## Task item
Before copying, set the pictures aside; then repeat every line below verbatim.

## Data segment
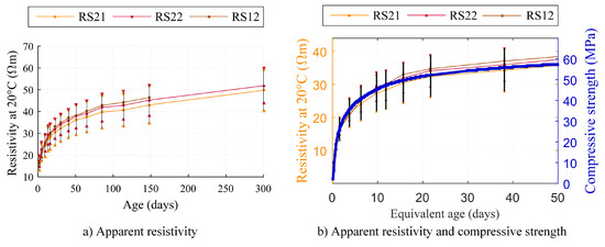 As shown in Figure 20b, there is a strong correlation between resistivity and compressive strength evolution. The resistivity of concrete is dependent on many factors, e.g., pore structure, pore solution, temperature and degree of water saturation. However, for a given concrete (same chemical composition), whose degree of saturation remains stable and after a correction of thermal variation on measurement, the only variable parameter is the porosity. In this study, it is reasonable to consider that the degree of hydration changes only slightly (see the value of RH% always close to 100% during the first year of structure service life). Additionally, it is recognized that the strength of concrete is mainly determined by porosity instead of other factors, e.g., pore solution and water saturation. Since the porosity evolves with hydration [52] thus modifying the resistivity value and the mechanical strength of concrete, the resistivity measurement can be considered as an indicator of material hardening. As a consequence, when the resistivity has reached its asymptotical value, it is probable that compressive strength is close to the maximum.
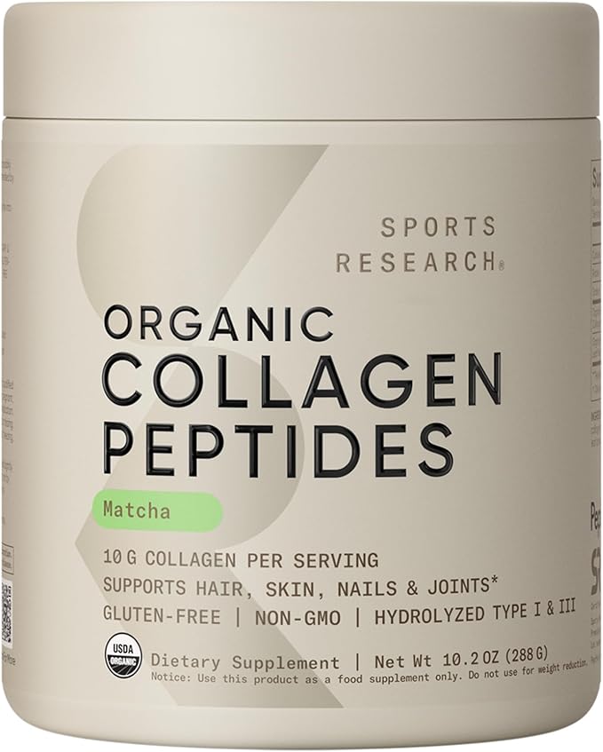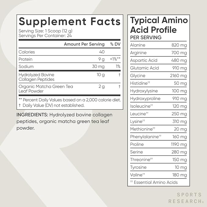 - A POWER COMBO: Meet your new morning ritual! Sports Research Collagen Peptides with Matcha combines our best-selling Collagen with ceremonial-grade Organic Japanese Matcha Green Tea Leaf in an easy-to-mix powder with no sugar or artificial flavors and only 40 calories per scoop.
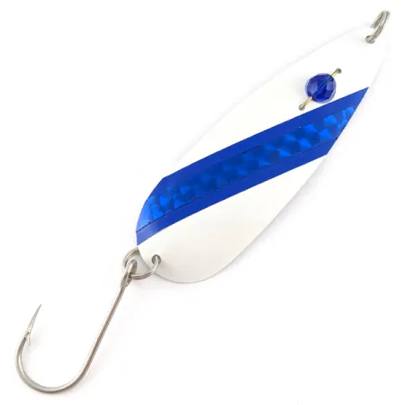 Výrazná modrá fólie se vzorem včelí plástve doplňuje čistě bílou povrchovou úpravu této plandavky Red Eye Evil Eye. S délkou 9 cm a hmotností 9 g je její profil navržen pro výbornou viditelnost při trollingu i klasické přívlači. Typické broušené modré oko v podobě korálku, klasický znak nástrah Red Eye Lures vyrobených v USA, je pevně usazeno v lisovaném kovovém těle. S hodnocením 5/5 si tento kus zachovává svěží vzhled laku i osazení, které tvoří jednoháček upevněný přes spojovací kroužek. Produktový kód 23367 demonstruje, jak výrobce využívá různé textury k odrazu světla z mnoha úhlů.

## Written reply
 As shown in Figure 20b, there is a strong correlation between resistivity and compressive strength evolution. The resistivity of concrete is dependent on many factors, e.g., pore structure, pore solution, temperature and degree of water saturation. However, for a given concrete (same chemical composition), whose degree of saturation remains stable and after a correction of thermal variation on measurement, the only variable parameter is the porosity. In this study, it is reasonable to consider that the degree of hydration changes only slightly (see the value of RH% always close to 100% during the first year of structure service life). Additionally, it is recognized that the strength of concrete is mainly determined by porosity instead of other factors, e.g., pore solution and water saturation. Since the porosity evolves with hydration [52] thus modifying the resistivity value and the mechanical strength of concrete, the resistivity measurement can be considered as an indicator of material hardening. As a consequence, when the resistivity has reached its asymptotical value, it is probable that compressive strength is close to the maximum.
 - A POWER COMBO: Meet your new morning ritual! Sports Research Collagen Peptides with Matcha combines our best-selling Collagen with ceremonial-grade Organic Japanese Matcha Green Tea Leaf in an easy-to-mix powder with no sugar or artificial flavors and only 40 calories per scoop.
 Výrazná modrá fólie se vzorem včelí plástve doplňuje čistě bílou povrchovou úpravu této plandavky Red Eye Evil Eye. S délkou 9 cm a hmotností 9 g je její profil navržen pro výbornou viditelnost při trollingu i klasické přívlači. Typické broušené modré oko v podobě korálku, klasický znak nástrah Red Eye Lures vyrobených v USA, je pevně usazeno v lisovaném kovovém těle. S hodnocením 5/5 si tento kus zachovává svěží vzhled laku i osazení, které tvoří jednoháček upevněný přes spojovací kroužek. Produktový kód 23367 demonstruje, jak výrobce využívá různé textury k odrazu světla z mnoha úhlů.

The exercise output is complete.